Home prices dropped 14.3 per cent in March, compared with March of last year (the market peak). Price growth fell every month between March and October of 2017, and since then has been mostly in negative territory. That means that a pricing correction has been under way for the better part of a year.

Scott Ingram, a realtor with Century 21, tried to answer the broad outlines of who might be most affected in a blog post titled How many people got burned by the 2017 correction? In it, he calculated that, across Toronto in 2017, about about 9,500 sales transactions for detached and attached single family homes were made in months when the average price was more than $10,000 higher than the benchmark prices as of January, 2018.

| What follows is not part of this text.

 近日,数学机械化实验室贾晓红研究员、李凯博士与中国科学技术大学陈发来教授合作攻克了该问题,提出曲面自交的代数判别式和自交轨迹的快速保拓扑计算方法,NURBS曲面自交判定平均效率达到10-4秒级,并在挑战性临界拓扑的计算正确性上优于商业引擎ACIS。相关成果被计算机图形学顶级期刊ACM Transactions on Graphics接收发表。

Mr. Ingram says he interprets those figures conservatively: that represents only about 1.3 per cent of the city’s stock of homes, and it also doesn’t mean all 9,500 overpaid. “It’s still down for those people who bought at the height, but a lot of what I write is sort of to bring people back in the middle,” he says, explaining why he doesn’t like to talk in terms of markets soaring or plunging depending on one month’s data. “I think people go too crazy ... too gangbusters on the way up, and they’ve also overreacted on the way down.”

There is a more bearish way to examine the market, often with anecdotes shared on Toronto real estate Twitter accounts focused on examples of financially-crushing real estate losses.

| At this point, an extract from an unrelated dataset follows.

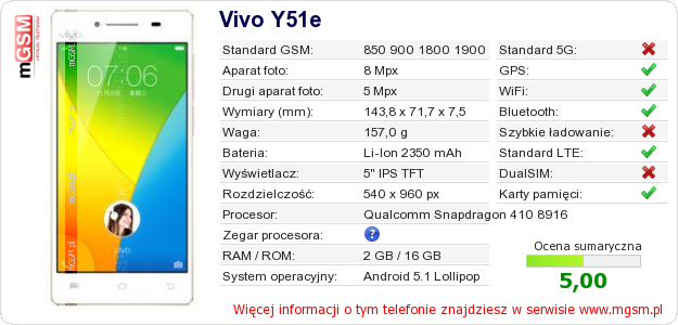 Dane telefonu Vivo Y51e na Twojej stronie

The twitter account ExtraGuac4Me, for example, run by investor and lawyer Joey Evans, is fond of tweeting the real estate equivalent of car crash scenes that show recent transactions that resulted in multi-hundred-thousand-dollar losses in a single year.

Open this photo in gallery:

A tweet describes a recent price fall on a Toronto property.

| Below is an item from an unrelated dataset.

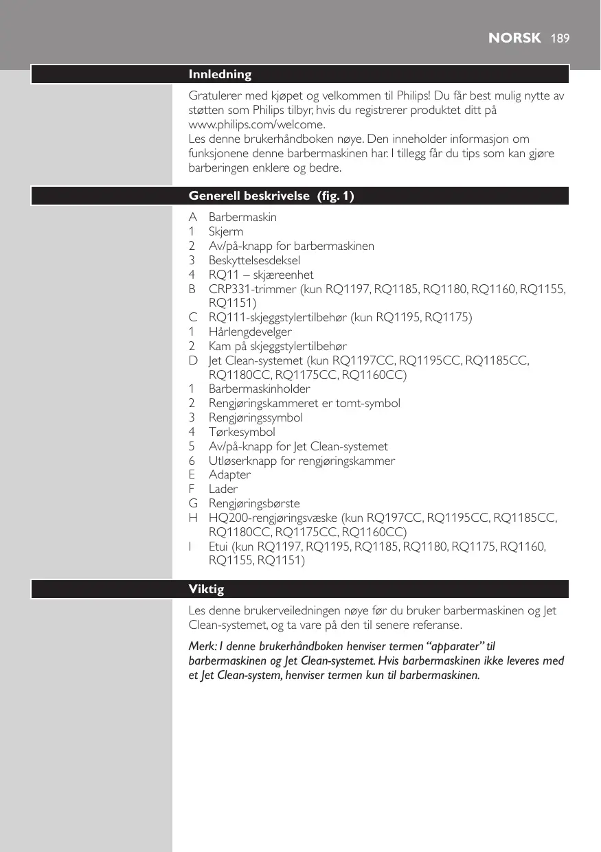 E F G H I Barbermaskin Skjerm Av/på-knapp for barbermaskinen Beskyttelsesdeksel RQ11 – skjæreenhet CRP331-trimmer (kun RQ1197, RQ1185, RQ1180, RQ1160, RQ1155, RQ1151) RQ111-skjeggstylertilbehør (kun RQ1195, RQ1175) Hårlengdevelger Kam på skjeggstylertilbehør Jet Clean-systemet (kun RQ1197CC, RQ1195CC, RQ1185CC, RQ1180CC, RQ1175CC, RQ1160CC) Barbermaskinholder Rengjøringskammeret er tomt-symbol Rengjøringssymbol Tørkesymbol Av/på-knapp for Jet Clean-systemet Utløserknapp for rengjøringskammer Adapter Lader Rengjøringsbørste HQ200-rengjøringsvæske (kun RQ197CC, RQ1195CC, RQ1185CC, RQ1180CC, RQ1175CC, RQ1160CC) Etui (kun RQ1197, RQ1195, RQ1185, RQ1180, RQ1175, RQ1160, RQ1155, RQ1151)

He shared a recent example of a court case featuring a buyer who walked away from an April, 2017, agreement to purchase a house for $2.25-million. The home was resold for $1.78-million, and the original buyer was sued and ordered to pay the difference to the seller: $470,000.

“I’m pointing out examples of what’s actually happening; these are real examples, these are real people, real families – huge amounts of money on the line,” says Mr. Evans, who lived in the United States during the sub-prime mortgage crisis of the mid-2000s and finds eerie parallels between those days and now.

When Mr. Evans and a small group of like-minded tweeters share these cases of houses selling for less then they were purchased for, the subtext is that a real estate speculator is getting their comeuppance, or that the market may have produced more losers than observers realize.

“This is cherry picking the extremes,” says John Pasalis, president of Realosophy Real Estate Inc., who expects to see fewer of these examples crop up the further we get away from the period of peak price drops that happened in the summer of 2017. “The floor fell out in a number of weeks ... at this point it’s a history lesson because prices have been pretty stable lately.”

When it comes to detached and semi-detached homes in Toronto, the year-over-year drops in March were 15 and 10 per cent respectively, according to data from the Toronto Real Estate Board. And as Mr. Pasalis points out, a lot of the bearish tweets over deals gone wrong seem to come from the northern part of the city, or in the 905 suburbs, such as Richmond Hill, Markham and Newmarket, which also seem to have been the centres of speculative buying during the boom market.

In his Realosophy blog, Mr. Pasalis recently shared some data that suggests those areas that saw the highest amount of investor-buying activity between 2012 and 2016 also saw the fastest price corrections in 2017-2018. In markets like Newmarket where more than 30 per cent of buyers were investors, house prices are now down 25 per cent from the same time last year, Richmond Hill’s declines were steeper at 27 per cent and Markham prices slid 22 per cent.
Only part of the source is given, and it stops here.